• What is being asked: Of all the lines in the entries below, give again exactly those starting at the line containing "Michigan State Transportation" and ending at the line containing "De hi-power verlichting", both ends included, and no others.

• Data supplied:
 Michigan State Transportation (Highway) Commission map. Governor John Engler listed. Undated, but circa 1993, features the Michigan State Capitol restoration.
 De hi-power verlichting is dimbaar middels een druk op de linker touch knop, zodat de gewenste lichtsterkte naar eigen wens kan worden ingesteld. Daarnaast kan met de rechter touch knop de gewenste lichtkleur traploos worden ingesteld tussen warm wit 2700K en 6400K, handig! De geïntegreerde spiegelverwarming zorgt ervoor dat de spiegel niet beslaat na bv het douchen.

* * *

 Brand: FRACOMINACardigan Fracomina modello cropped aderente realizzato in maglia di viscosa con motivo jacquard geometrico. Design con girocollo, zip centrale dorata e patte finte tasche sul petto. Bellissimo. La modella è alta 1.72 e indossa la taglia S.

• Answer box:
 Michigan State Transportation (Highway) Commission map. Governor John Engler listed. Undated, but circa 1993, features the Michigan State Capitol restoration.
 De hi-power verlichting is dimbaar middels een druk op de linker touch knop, zodat de gewenste lichtsterkte naar eigen wens kan worden ingesteld. Daarnaast kan met de rechter touch knop de gewenste lichtkleur traploos worden ingesteld tussen warm wit 2700K en 6400K, handig! De geïntegreerde spiegelverwarming zorgt ervoor dat de spiegel niet beslaat na bv het douchen.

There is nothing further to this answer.